====== Data for processing ======

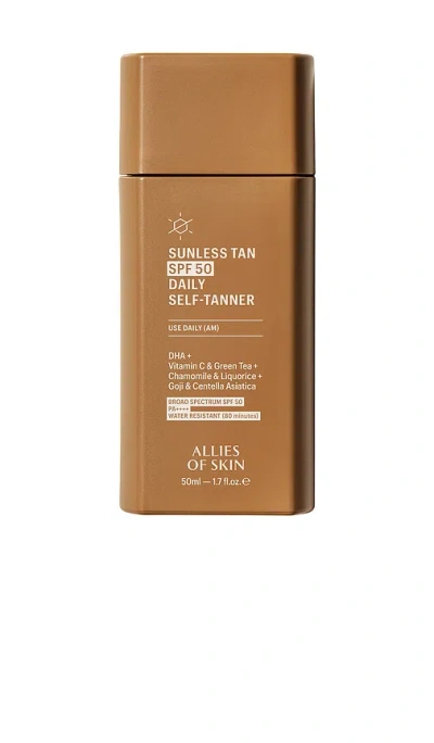 Allies of Skin Sunless Tan SPF 50 Daily Self-Tanner in Beauty: NA. Allies of Skin Sunless Tan SPF 50 Daily Self-Tanner in Beauty: NA. Discover the Allies of Skin breakthrough 3-in-1 sunscreen that leaves you more sun-kissed by the hour. Supercharged with DHA, Vitamin C, and Goji Berry Extract, alongside Centella Asiatica, Green Tea Leaf, Liquorice Root, and Chamomile Flower Extract. Broad-Spectrum SPF 50, PA++++ protection helps shield skin from UV-induced skin damage and premature aging, while a buildable, gradual and natural-looking healthy glow and tan appears throughout the day.. Vegan and cruelty-free Free of silicones, sulfates, and essential oils. Dihydroxyacetone is a naturally occurring 3-carbon sugar, known to gradually and temporarily give the skin a natural-looking tan. Goji Berry Extract provides the necessary building blocks for collagen production in the skin, leading to a reduction of fine lines and wrinkles. 50ml. The last step of your AM routine or 15 minutes before sun exposure, apply minimum a teaspoon to face and neck. Tanning develops within 3 - 6 hours.. ASKI-WU48. PSDST050US01. Allies of Skin products are designed with a busy lifestyle in mind to be simple to use while maximizing the functions of smart formulations that support your skin's health. All of their ingredients are thoroughly researched, and they combine only effective, clinically-proven actives into clean formulas. The goal is to help your skin repair, regenerate, and reset itself so it can perform at its best. That's why they never include fillers or potential irritants that may compromise the skin's optimal functioning capabilities.
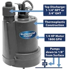 You may also like Kids Folding Table & Chair Set 5-Piece Playroom Daycare Indoor Outdoor New 55.99 USD 58.94 USD Free shipping 5% off Ceramic Mug Reactive Glaze Ergonomic Handle Dishwasher Microwave Safe Stoneware 9.85 USD 10.37 USD Free shipping 5% off Armor Gray Epoxy-Seal Low VOC Concrete and Garage Floor Paint UV-resistant Patio 49.36 USD 51.96 USD Free shipping 5% off Recycled Medium Shipping Boxes Corrugated Moving Storage Box Durable 30 Count 24.89 USD 26.2 USD Free shipping 5% off Ceramic Baking Dish W/ Acacia Wood Lid Double Handles Oven to Table 13.39in New 29.39 USD 30.94 USD Free shipping 5% off 1 Gal Clear Multi-Surface Exterior Waterproofing Sealer for Decks Fences Siding 52.03 USD 54.77 USD Free shipping 5% off Sesame Street Story Dream Machine Interactive Toy Nightlight Toddlers Kids New 71.63 USD 75.4 USD Free shipping 5% off 1 Gallon Penny Candy Glass Jar with Lid for Kitchens/pantries Storage Organizer 13.03 USD 13.72 USD Free shipping 5% off Toddler Potty Chair W/ Realistic Flush Handle Storage Compartment Easy Clean New 30.85 USD 32.47 USD Free shipping 5% off 10 Gallon Glass Aquarium Kit LED Lighting 3 Stage Filtration Fish Tank New 55.55 USD 58.47 USD Free shipping 5% off Adjustable Leaf Scoops Yard Rakes Lightweight Garden Tools Easy Pickup New 12.42 USD 13.07 USD Free shipping 5% off Foldable Pet Grooming Table W/ Adjustable Arm Easy Storage Transport Use 86.44 USD 90.99 USD Free shipping 5% off About this item 1/4 HP Utility pump moves up to 1,800 gallons per hour; pump will lift water up to 25' of vertical height Tough thermoplastic construction; 10' cord length 1-1/4 inch NPT discharge for high capacity pumping; includes 3/4 inch garden hose adapter Removable suction screen and handles up to 1/8 inch solids DISCHARGE SIZE: 1-1/4”. SOLIDS HANDLING:1/8” › product details Color Black Material Thermoplastic Style Thermoplastic Product Dimensions 7"L x 7"W x 12"H Power Source AC Item Weight 6. 8 Pounds Maximum Flow Rate 30 Gallons Per Minute You may also like Adjustable Swivel Blind Chair Comfort Durable Fabric Mud Feet Hunting Gear New 61.71 USD 64.96 USD Free shipping 5% off Portable Single Burner Propane Stove Camping Cooking Lightweight Outdoors New 31.11 USD 32.75 USD Free shipping 5% off Durable Canvas Laundry Bag Heavy Duty Zipper Pocket Over Shoulder Strap New 11.31 USD 11.91 USD Free shipping 5% off FrontFill Mini Brew 5 Cup Programmable Coffee Maker with Clock & Glass Carafe 26.48 USD 27.87 USD Free shipping 5% off Oceanside Flannel Scented Candle 18oz Wooden Wick Jar Cozy Glow Decorative New 23.23 USD 24.45 USD Free shipping 5% off 40pc Dual Tip Alcohol Based Markers Art Set Assorted Colors Ergonomic Design New 36.65 USD 38.58 USD Free shipping 5% off Hyacinth Storage Basket W/ Lid Woven Handles Decorative Organizer Home New 25.05 USD 26.37 USD Free shipping 5% off 24-in Wood & Poly Leaf Rake Fan-shaped Head Long Handle for Lawn Garden Clearing 17.95 USD 18.89 USD Free shipping 5% off Toddler Potty Chair W/ Realistic Flush Handle Storage Compartment Easy Clean New 30.85 USD 32.47 USD Free shipping 5% off Enameled Cast Iron Griddle Nonstick Kitchen Cooking Pan Heat Distribution New 26.74 USD 28.15 USD Free shipping 5% off Foldable Pet Grooming Table W/ Adjustable Arm Easy Storage Transport Use 86.44 USD 90.99 USD Free shipping 5% off Sesame Street Story Dream Machine Interactive Toy Nightlight Toddlers Kids New 71.63 USD 75.4 USD Free shipping 5% off
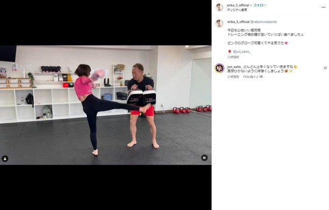 6月5日の投稿では、元キックボクシング選手のトレーナー、齊藤淳さんのレッスンを受ける動画を公開。ミットに勢いよくパンチやキックを繰り出す山川さんの姿がおさめられている。
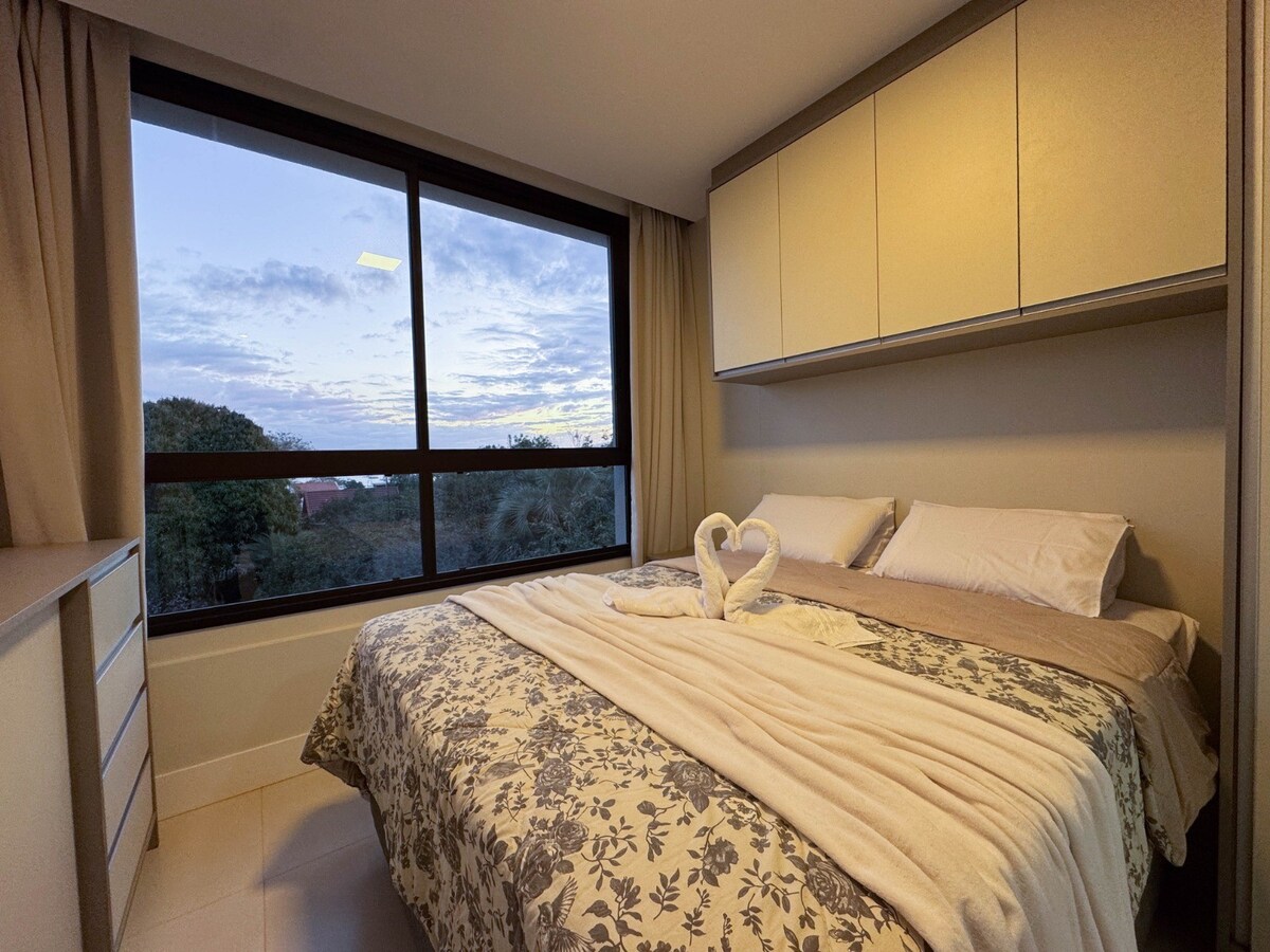 Détendez-vous, déstressez et profitez du soleil dans l'un des plus beaux endroits du Brésil ! Depuis le balcon, vous pourrez profiter de la brise et de la vue en fin d'après-midi ou vous réveiller et voir si la journée est pour la plage ou pour une piscine chauffée. Appartement avec un emplacement idéal pour les célibataires ou les couples qui aiment profiter de l'agitation des bars et restaurants de Jurere Internacional sans avoir à marcher beaucoup. Idéal aussi pour amener de jeunes enfants et profiter de la tranquillité et des avantages d'un resort.
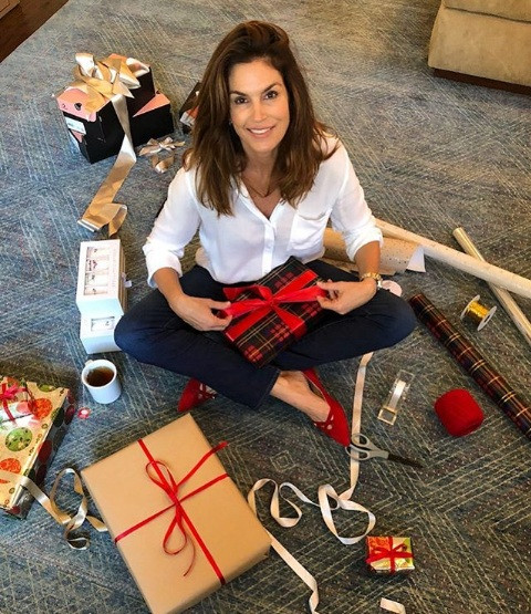 Siêu mẫu huyền thoại Cindy Crawford bên cây thông lớn trong nhà.
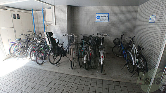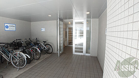 おしゃれな外観でマンション外壁の青いラインが気に入りました。 自転車はまぁごちゃごちゃしてたけど、単身者が多そうなマンションなので許容範囲内でした。

======

* _Your instructions_
Leave out every picture and write out exactly the lines running from the line containing "Siêu mẫu huyền" to the end of the listing above.

* _Output for this exercise_
 Siêu mẫu huyền thoại Cindy Crawford bên cây thông lớn trong nhà.
 おしゃれな外観でマンション外壁の青いラインが気に入りました。 自転車はまぁごちゃごちゃしてたけど、単身者が多そうなマンションなので許容範囲内でした。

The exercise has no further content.